Key Features of 4D-LRM

Efficient 4D Reconstruction:
From sparse input views and arbitrary time points, 4D-LRM can quickly and accurately reconstruct dynamic scenes across any view-time combination. It can reconstruct a 24-frame sequence in under 1.5 seconds on a single A100 GPU, showcasing its speed and scalability.
Strong Generalization:
The model generalizes well to novel objects and scenes, maintaining strong performance across various camera settings.
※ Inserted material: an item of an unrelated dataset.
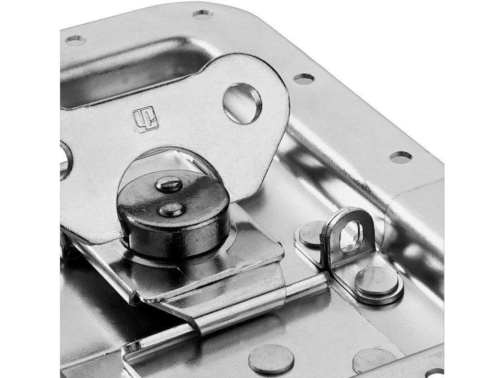 Zamek motylkowy duży, z oczkiem na kłódkę. Mechanizm zamykający zamka motylkowego jest wyposażony w sprężynę przeciwciśnieniową, która automatycznie otwiera go w pozycji otwarcia o około 30º. W razie potrzeby hak zamykający można przesunąć dalej na zewnątrz.

It excels in interpolating frames under alternating canonical view setups, producing high-quality reconstructions.
Arbitrary View-Time Combinations:
Supports dynamic scene generation from any viewpoint at any time, offering new possibilities for understanding and generating complex space-time content.
Broad Applicability:
Can be extended to 4D content generation tasks, and when combined with models like SV3D, it enables the creation of higher-fidelity 4D content.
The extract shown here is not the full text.